Le Panama opposé à une route migratoire aménagée depuis la Colombie

Le Panama a rejeté hier l’idée d’aménager une route migratoire pour traverser la dangereuse jungle du Darien, entre Colombie et Panama, où un record de migrants désireux de se rendre aux Etats-Unis a été enregistré en 2022.
« La route par la jungle du Darien ne va pas être normalisée », a déclaré la ministre panaméenne des Affaires étrangères Janaina Tewaney lors d’un point de presse.

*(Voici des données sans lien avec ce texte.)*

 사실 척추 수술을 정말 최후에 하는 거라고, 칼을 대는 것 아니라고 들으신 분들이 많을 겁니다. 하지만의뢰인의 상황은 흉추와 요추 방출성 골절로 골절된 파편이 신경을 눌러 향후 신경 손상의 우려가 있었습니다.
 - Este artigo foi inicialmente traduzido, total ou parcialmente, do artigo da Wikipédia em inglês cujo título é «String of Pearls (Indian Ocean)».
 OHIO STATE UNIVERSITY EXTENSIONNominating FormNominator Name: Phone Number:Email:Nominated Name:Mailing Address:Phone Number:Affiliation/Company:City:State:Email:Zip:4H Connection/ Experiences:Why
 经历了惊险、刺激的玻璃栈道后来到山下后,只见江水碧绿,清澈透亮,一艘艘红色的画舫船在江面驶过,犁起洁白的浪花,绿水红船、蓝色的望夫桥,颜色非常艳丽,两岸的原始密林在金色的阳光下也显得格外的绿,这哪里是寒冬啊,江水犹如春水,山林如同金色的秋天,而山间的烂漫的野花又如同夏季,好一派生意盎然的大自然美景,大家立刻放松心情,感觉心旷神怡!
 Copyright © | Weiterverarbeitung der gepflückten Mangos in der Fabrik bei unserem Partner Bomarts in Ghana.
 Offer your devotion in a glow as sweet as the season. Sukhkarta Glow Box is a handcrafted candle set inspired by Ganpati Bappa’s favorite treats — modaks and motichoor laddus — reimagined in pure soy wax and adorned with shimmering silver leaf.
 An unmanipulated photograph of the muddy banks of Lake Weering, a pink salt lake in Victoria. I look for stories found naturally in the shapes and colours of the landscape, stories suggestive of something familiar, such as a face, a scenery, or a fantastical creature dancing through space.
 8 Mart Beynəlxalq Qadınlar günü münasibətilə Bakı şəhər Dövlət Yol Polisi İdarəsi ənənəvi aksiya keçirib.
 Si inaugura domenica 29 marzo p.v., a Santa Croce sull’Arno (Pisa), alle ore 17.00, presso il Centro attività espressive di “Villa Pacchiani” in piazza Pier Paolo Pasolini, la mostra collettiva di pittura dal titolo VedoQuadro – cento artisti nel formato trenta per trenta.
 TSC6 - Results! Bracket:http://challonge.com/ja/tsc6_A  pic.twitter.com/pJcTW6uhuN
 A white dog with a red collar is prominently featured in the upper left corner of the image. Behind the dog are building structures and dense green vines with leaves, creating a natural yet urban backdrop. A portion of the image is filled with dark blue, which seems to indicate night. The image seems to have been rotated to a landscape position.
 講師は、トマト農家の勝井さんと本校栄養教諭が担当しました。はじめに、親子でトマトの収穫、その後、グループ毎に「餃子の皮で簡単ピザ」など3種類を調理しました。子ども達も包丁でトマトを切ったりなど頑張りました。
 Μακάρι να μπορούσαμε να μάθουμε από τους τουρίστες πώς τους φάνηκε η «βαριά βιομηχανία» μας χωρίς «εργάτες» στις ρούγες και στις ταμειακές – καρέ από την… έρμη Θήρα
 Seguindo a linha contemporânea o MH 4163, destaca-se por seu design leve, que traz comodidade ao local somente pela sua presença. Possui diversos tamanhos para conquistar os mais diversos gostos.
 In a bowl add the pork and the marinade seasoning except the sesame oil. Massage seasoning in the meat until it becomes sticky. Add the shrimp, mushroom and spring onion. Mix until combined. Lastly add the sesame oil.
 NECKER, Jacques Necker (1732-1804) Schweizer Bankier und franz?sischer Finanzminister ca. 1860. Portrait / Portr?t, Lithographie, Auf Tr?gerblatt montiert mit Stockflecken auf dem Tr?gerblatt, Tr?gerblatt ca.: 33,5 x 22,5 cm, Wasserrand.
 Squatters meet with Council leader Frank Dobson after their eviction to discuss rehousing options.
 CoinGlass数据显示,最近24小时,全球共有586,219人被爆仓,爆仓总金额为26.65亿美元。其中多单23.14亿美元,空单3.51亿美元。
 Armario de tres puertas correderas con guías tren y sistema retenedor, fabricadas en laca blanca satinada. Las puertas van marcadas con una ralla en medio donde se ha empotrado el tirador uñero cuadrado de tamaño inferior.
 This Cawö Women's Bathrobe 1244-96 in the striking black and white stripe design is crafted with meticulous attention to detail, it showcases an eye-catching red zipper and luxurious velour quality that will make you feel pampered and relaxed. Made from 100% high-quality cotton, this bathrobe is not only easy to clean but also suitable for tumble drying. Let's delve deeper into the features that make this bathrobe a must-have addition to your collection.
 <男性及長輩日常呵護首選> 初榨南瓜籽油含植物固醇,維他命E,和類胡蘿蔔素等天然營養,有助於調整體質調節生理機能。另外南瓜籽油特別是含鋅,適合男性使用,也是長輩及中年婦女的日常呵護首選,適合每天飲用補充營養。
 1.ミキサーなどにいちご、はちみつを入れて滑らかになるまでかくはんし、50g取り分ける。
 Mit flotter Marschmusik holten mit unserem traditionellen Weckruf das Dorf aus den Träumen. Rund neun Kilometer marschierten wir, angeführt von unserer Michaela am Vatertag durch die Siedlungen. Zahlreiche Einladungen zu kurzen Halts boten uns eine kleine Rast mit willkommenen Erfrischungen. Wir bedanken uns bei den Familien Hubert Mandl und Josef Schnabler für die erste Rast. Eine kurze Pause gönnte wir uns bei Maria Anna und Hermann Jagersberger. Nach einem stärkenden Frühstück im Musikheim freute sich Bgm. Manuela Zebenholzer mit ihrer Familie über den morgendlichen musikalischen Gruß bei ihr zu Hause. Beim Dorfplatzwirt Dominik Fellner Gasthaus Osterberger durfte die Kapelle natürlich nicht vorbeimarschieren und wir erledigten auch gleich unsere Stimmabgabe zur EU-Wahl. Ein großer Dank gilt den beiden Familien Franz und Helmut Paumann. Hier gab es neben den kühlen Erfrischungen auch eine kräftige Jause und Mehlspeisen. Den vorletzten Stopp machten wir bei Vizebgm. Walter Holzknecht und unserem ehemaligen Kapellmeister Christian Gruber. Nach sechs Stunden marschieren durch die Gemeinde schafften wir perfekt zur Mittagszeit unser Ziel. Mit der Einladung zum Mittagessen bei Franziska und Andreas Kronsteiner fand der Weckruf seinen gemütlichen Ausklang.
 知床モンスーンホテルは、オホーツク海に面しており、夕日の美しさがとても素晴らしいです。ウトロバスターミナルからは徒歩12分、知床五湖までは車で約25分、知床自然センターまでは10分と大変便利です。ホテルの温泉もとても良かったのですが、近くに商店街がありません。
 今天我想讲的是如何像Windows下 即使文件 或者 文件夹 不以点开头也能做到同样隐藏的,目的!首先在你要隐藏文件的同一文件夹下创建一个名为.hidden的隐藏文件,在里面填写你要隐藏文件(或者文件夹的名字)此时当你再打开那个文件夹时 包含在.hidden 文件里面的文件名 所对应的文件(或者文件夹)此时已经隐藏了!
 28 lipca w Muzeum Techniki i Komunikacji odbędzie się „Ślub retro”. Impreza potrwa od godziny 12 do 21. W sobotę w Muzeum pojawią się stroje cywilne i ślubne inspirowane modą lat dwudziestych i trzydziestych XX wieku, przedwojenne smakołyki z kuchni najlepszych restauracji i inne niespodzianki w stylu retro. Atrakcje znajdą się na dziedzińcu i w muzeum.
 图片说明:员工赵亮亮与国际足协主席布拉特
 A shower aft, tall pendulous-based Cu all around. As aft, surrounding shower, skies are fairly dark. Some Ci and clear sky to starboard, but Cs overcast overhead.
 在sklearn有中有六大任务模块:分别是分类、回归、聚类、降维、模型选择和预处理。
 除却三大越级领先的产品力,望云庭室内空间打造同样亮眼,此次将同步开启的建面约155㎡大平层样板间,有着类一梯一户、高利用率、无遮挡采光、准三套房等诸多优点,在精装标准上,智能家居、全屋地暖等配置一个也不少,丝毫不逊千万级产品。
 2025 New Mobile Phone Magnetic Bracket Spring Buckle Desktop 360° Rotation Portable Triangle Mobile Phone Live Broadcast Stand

Mme Tewaney a rencontré cette semaine à Washington le secrétaire d’Etat américain Antony Blinken pour examiner quelles mesures peuvent être prises pour freiner l’afflux de migrants illégaux passant par la jungle du Darien.
La traversée de cette jungle montagneuse et marécageuse de 575.000 hectares -sans réseau routier, infestée de moustiques et de serpents, parsemée de ravins et où sévissent des gangs criminels- est l’un des itinéraires principaux pour les migrants d’Amérique du sud en route pour les Etats-Unis.
« Nous n’allons pas organiser une route (migratoire) par le Darien. Bien au contraire, nous allons mettre en place des mesures pour protéger la jungle du Darien (…) Cet itinéraire ne doit pas être normalisé », a insisté la ministre panaméenne.
Le Panama, la Colombie et le Costa Rica, en accord avec les Etats-Unis, veulent mettre en place des itinéraires migratoires sûrs et normalisés.
A quelques jours de la fin de l’année, les services migratoires panaméens ont dénombré un total de plus de 243.000 migrants passés par le Darien depuis le 1er janvier, aux deux-tiers des Vénézuéliens, pulvérisant le record de l’année dernière qui avait vu passer 133.000 personnes, en majorité des Haïtiens et des Cubains.